2019年のスタートアップ投資額、前年比35%増の62億ユーロに拡大

(ドイツ)

ベルリン発

2020年01月24日

会計コンサルティング大手アーンスト・アンド・ヤングが1月14日に発表したドイツのスタートアップの資金調達に関する調査によると、2019年のスタートアップの調達資金総額は62億ユーロとなり2018年の46億ユーロから35%増加、スタートアップへの投資ブームが続いている。

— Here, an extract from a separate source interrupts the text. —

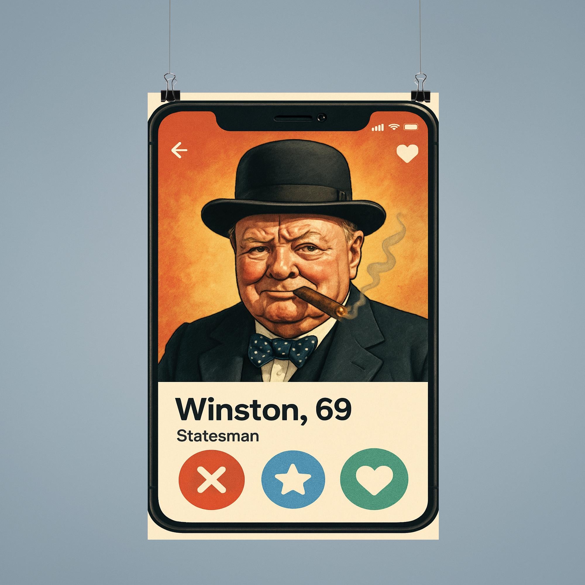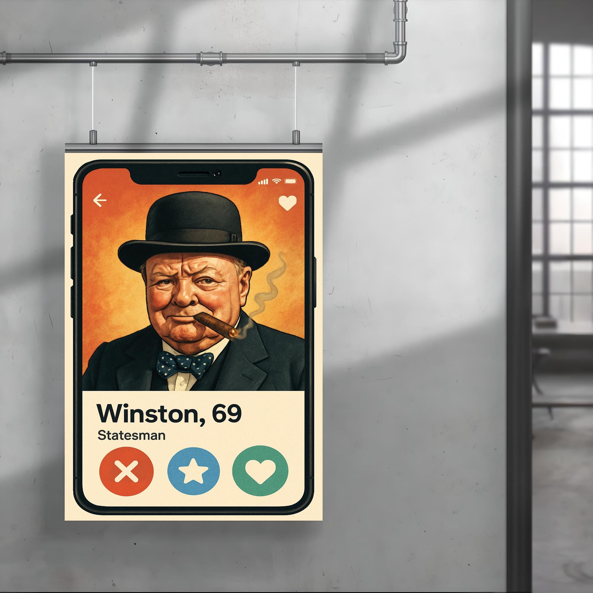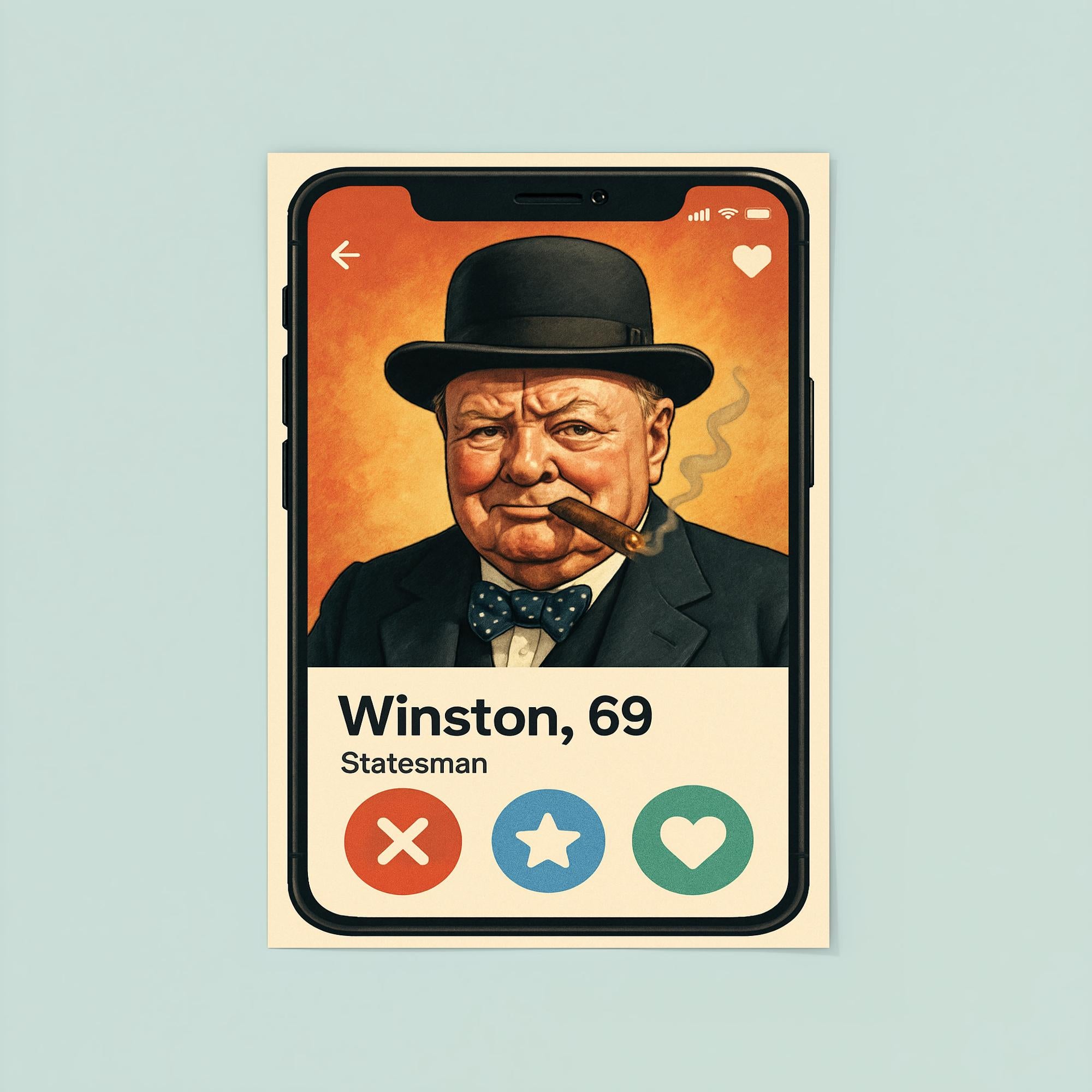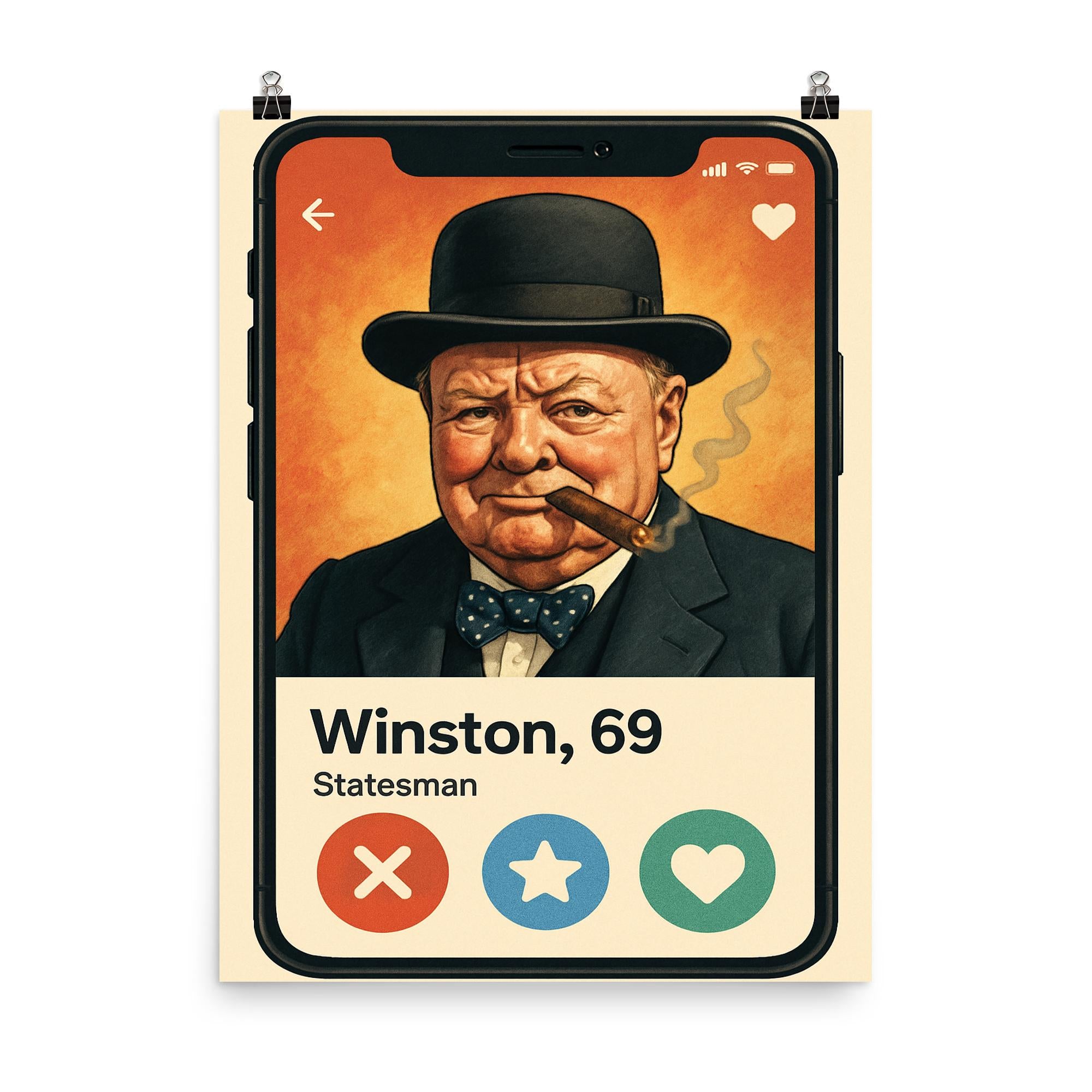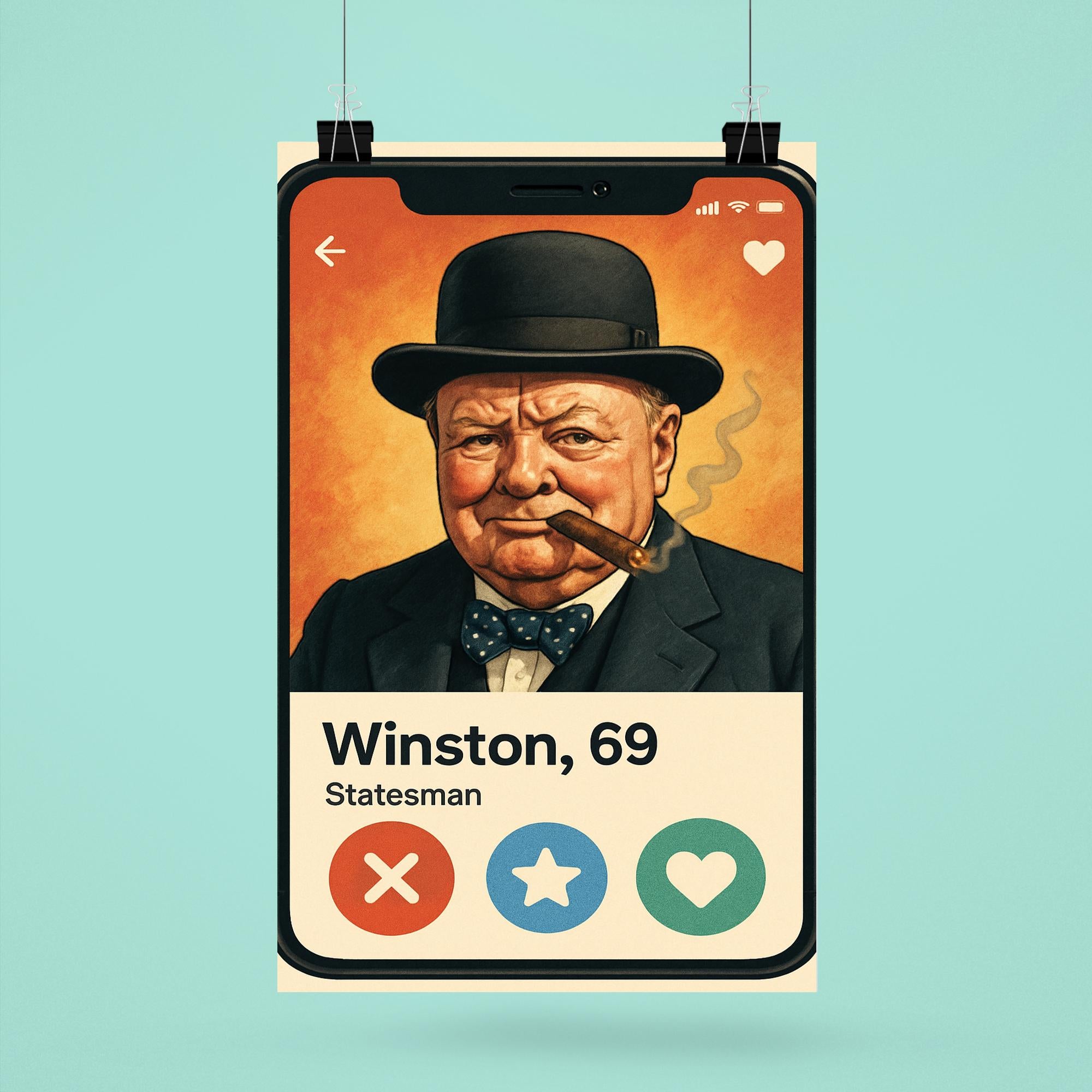 Step into history with a twist of humor! This poster featuring Winston Churchill’s hilarious dating app profile brings the legendary leader’s wit into the modern world, blending iconic charm with clever fun. Perfect for lovers of history and laughter alike, it’s a conversation starter that brightens any room.

地域(州)別でみると、スタートアップに資金が最も集まった地域は2018年に引き続きベルリン、次いでバイエルンだった。ベルリンには2019年のスタートアップ投資額の約6割を占める37億ユーロ(2018年は26億ユーロ、前年比42%増)の投資があり、投資件数(注)も244件(2018年は227件、同7%増)となった。自動車産業をはじめとする製造業の集積地である南部のバイエルンでは、投資金額は16億ユーロと前年の8億ユーロから倍増し、投資件数も2018年の116件から123件へ増加した。大型資金調達の上位5件のうち、3件がベルリン〔ゲットヨアガイド(GetYourGuide)、フロンティア・カー・グループ(Frontier Car Group)、N26〕、2件〔フリックスモビリティー(FlixMobility)、セロニス(Celonis)〕がバイエルンで行われたことが両州の投資金額を引き上げた要因となっている。

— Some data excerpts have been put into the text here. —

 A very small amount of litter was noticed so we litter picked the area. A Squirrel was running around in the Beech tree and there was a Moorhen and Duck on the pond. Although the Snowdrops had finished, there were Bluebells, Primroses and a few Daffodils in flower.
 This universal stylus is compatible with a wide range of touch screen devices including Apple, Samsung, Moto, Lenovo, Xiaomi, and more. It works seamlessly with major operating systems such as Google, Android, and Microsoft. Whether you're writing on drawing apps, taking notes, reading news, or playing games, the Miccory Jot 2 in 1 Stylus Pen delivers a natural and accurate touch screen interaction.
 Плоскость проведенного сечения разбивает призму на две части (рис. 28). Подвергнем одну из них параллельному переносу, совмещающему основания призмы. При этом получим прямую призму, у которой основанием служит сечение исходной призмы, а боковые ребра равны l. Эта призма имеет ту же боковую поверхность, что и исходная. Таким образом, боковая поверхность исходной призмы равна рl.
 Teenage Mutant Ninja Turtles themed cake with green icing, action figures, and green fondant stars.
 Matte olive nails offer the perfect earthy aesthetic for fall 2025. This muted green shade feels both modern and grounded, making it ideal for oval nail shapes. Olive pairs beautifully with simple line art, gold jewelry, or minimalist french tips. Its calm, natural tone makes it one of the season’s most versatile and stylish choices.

セクター別の投資額ランキングでは、モビリティー(16億ユーロ、前年比3.9倍)が1位となり、フィンテック/インシュアテック(13億ユーロ、同1.9倍)、ソフトウエア・分析(12億ユーロ、同1.8倍)分野が続いた。モビリティーにはトラベルレジャーや自動車、物流などのサブセクターが含まれ、投資額増加の要因にはフリックスモビリティー〔人工知能(AI)を活用した低価格長距離バス〕とゲットヨアガイド(現地ツアーのオンライン予約)の大型資金調達もある。

これまでドイツのスタートアップシーンを牽引してきたEコマースは減速し、7億ユーロと前年比56%減となった。

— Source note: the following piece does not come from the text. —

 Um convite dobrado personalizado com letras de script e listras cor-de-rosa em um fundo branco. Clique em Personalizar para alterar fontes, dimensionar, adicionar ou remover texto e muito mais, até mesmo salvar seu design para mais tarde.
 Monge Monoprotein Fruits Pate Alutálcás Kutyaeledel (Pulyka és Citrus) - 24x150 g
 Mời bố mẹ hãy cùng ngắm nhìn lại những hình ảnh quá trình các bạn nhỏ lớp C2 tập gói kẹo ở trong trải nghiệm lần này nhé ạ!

EYドイツのパートナー、ペーター・レナーツ氏は「シリコンバレーに比べて評価額がまだ低い欧州のスタートアップ企業は、米国やアジアなどの外国投資家の関心を集めている。2019年のアーリーステージの小規模投資ラウンドも前年から27%増えており、資金の流動性が高まっている。ドイツのスタートアップ企業が海外投資家から大規模な資金調達をするには、当初から海外展開を視野に入れたビジネスモデルを構築する必要がある」と述べている。

また、EYドイツのフーベルト・バート最高経営責任者(CEO)は「製造業の基幹部門に危機が迫る中、デジタル経済が雇用創出の源泉として重要性を増す。一方、デジタル分野では人材が不足しており、連邦政府は税制、教育などで支援すべきだ」とコメントした。

(注)資金調達を受けた企業数ベース。